Who doesn’t love the weekend? Any time off to kick back and relax does the mind and body a world of good. However, even in these times we are faced with choices that produce good or bad outcomes. I made a decision during my downtime that I came to realize I’m not very proud of. To my friends and readers (whom I also consider friends), I’m coming clean in this post.
For those of you who have never met me, you may not know that I work a rotating schedule with my company. This means that I work for four days followed by having the following four days off. Having the weekend off is an occurrence that happens every month or so and I typically spend time with my wife and pets when I get such fortune. This weekend was going especially good because we decided to stay in watch tv together on Saturday. We needed a few things to make dinner so I decided to brave the howling winds and go to the store. Little did I know that I was about to step into a trap that I set.
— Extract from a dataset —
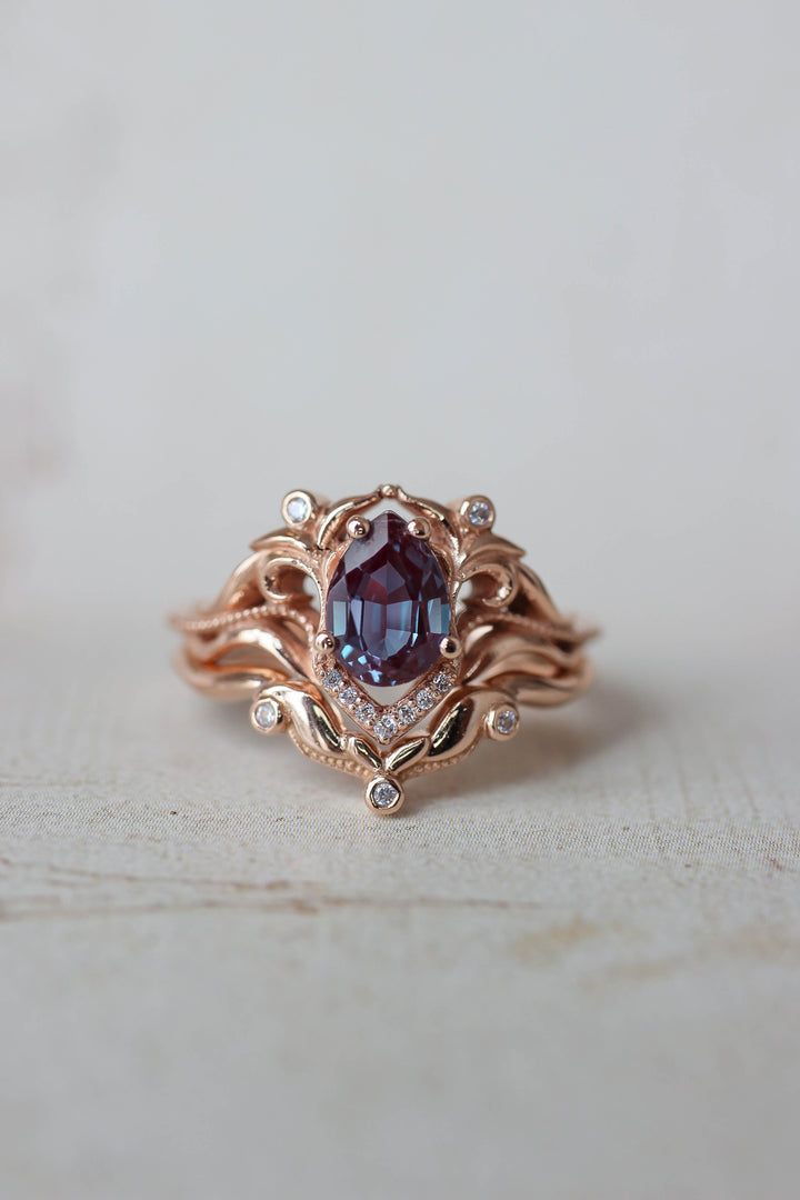 Exceptionally delicate, this bridal set is inspired by art nouveau style. Pear cut gemstone is surrounded by stylised flowers and adorned with sparkling diamonds. Lab alexandrite is truly magical - it changes colours depending on a lighting. It is teal / purple at the daylight and reddish purple under sun or electrical light.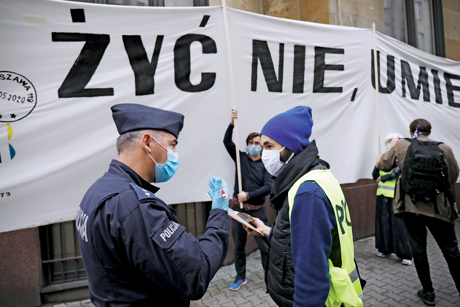 Ale nie ma wątpliwości, że dzisiaj, chociaż statystyki tego jeszcze nie obejmują, powiatowa inspektor sanitarna w Warszawie Jadwiga Mędelewska wysunęła się na czoło stawki, bo w stolicy odbywa się regularna łapanka uczestników ulicznych protestów i happeningów. Policja ich spisuje, wymierza karę porządkową 500 zł i niezależnie od mandatu kieruje wniosek do sanepidu. Stanisława Skłodowska nie ma wątpliwości, że ukarano ją z powodów politycznych. Szła z czterema innymi osobami przed Pałac Prezydencki, aby nagrać satyryczny filmik o wyborach organizowanych przez Jacka Sasina. Zachowywali między sobą odpowiedni dystans, mieli na twarzach maseczki. Po Krakowskim Przedmieściu spacerowały wtedy tłumy, wiele osób bez maseczek, mało kto przestrzegał dystansu, ale policjantów interesowali wyłącznie uczestnicy happeningu. Spisano ich, ukarano mandatami (których pani Stanisława i pozostali nie przyjęli, więc sprawa trafi do sądu), a następnie sporządzono notatki i wysłano je do PIS. Pani Stanisławie po kilku dniach policjanci dostarczyli decyzję sanitarną, ma zapłacić 5 tys.

I walked into the grocery store with a small list and a mission to get in and get out as soon as I could. I managed to grab all the ingredients we needed for dinner and grabbed a few extras to accompany our meal. I made my way to the frozen food section and there it was. So taunting yet so tantalizing, the IPAs called to me. I had passed by the beer many times before but this time was different somehow.
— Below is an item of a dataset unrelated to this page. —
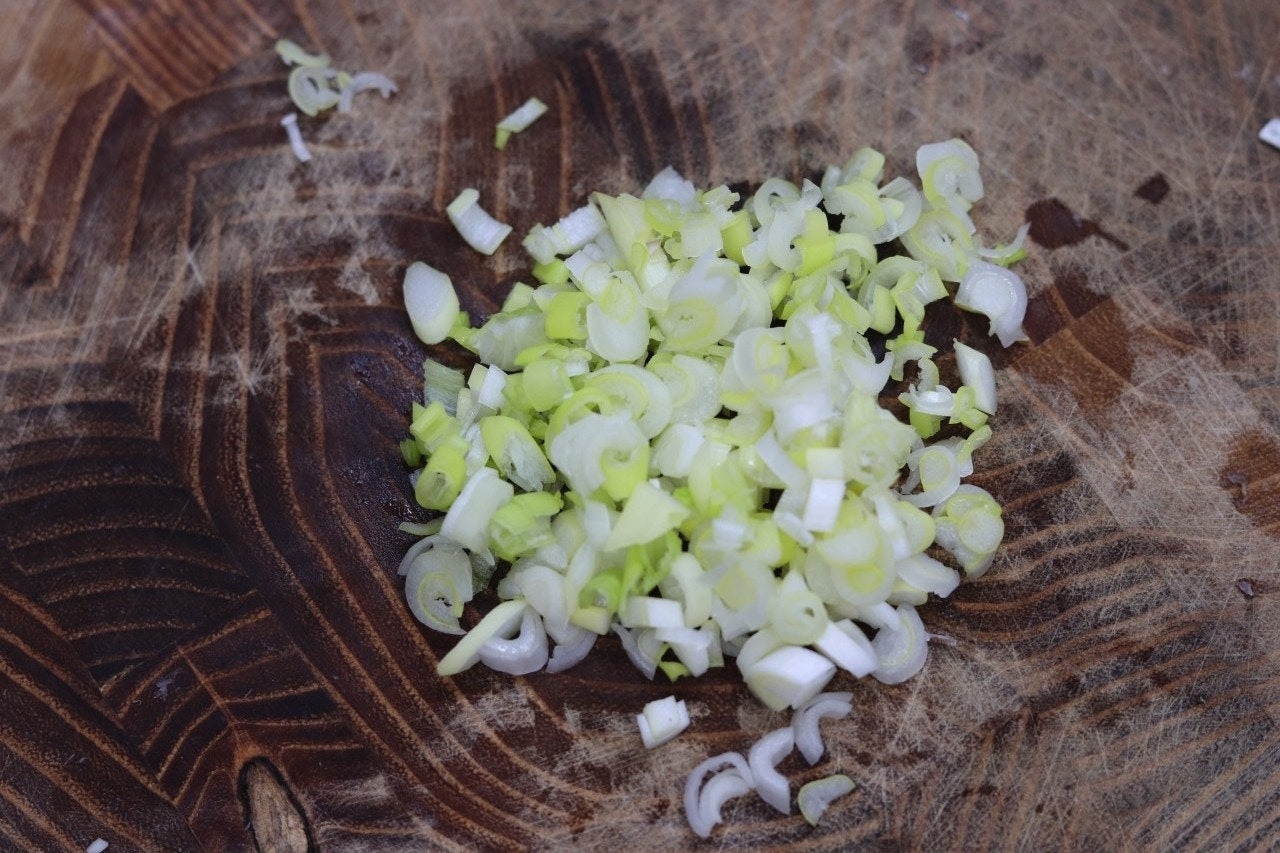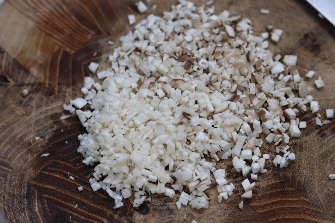 2. 새송이버섯 머리부분(또는 표고버섯), 대파를 잘게 썰어 줍니다.

“I’m a grown ass man and I can make my decisions like an adult. I’ve had this under control and buying this doesn’t change that.”, I thought to myself. I’m a real sucker for a good IPA that doesn’t break the bank so I allowed my ego to take over and spend the five dollars on a four pack.
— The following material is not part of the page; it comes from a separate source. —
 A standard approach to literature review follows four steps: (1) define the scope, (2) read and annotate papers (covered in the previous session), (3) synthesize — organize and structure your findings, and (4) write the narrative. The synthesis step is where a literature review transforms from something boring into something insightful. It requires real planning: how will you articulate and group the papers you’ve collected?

There is one thing I would like to clarify before I continue. I was never a raging alcoholic. I never drank and drive, never got violent when drunk, and always stayed confined when drinking. I stopped drinking liquor because I was letting it run my life. I found every window of opportunity to drink and took it without a second thought. I was the one who put my foot down about it and said enough was enough and sought help for self medicating my anxiety through alcohol. My wife was very quick to remind me of this when I came home.
Tough love is probably some of the best love that one could ever ask for, and I am eternally grateful for my wife from the bottom of my heart. She is the best support I could ever ask for whether it’s my panic attacks sending me off or staying off the bottle. She helped me to realize that not only did I break my own rule about alcohol in the house, but I am now a hypocrite to you all. How can I preach maintaining a happier, healthier life when I struggle to maintain my own? At that moment, I held my nose and took a large bite of crow since I had the beer to wash it down with.
I have fallen on my journey to self improvement now for the first time and I pray that it’s the last. My goal now is to only drink at restaurants and to never bring alcohol back into my house. Most importantly, I strive now to not let my family, my readers, and myself down again. I will not fail you all again. Besides, it’s not that you fall… It’s how you get back up that matters most.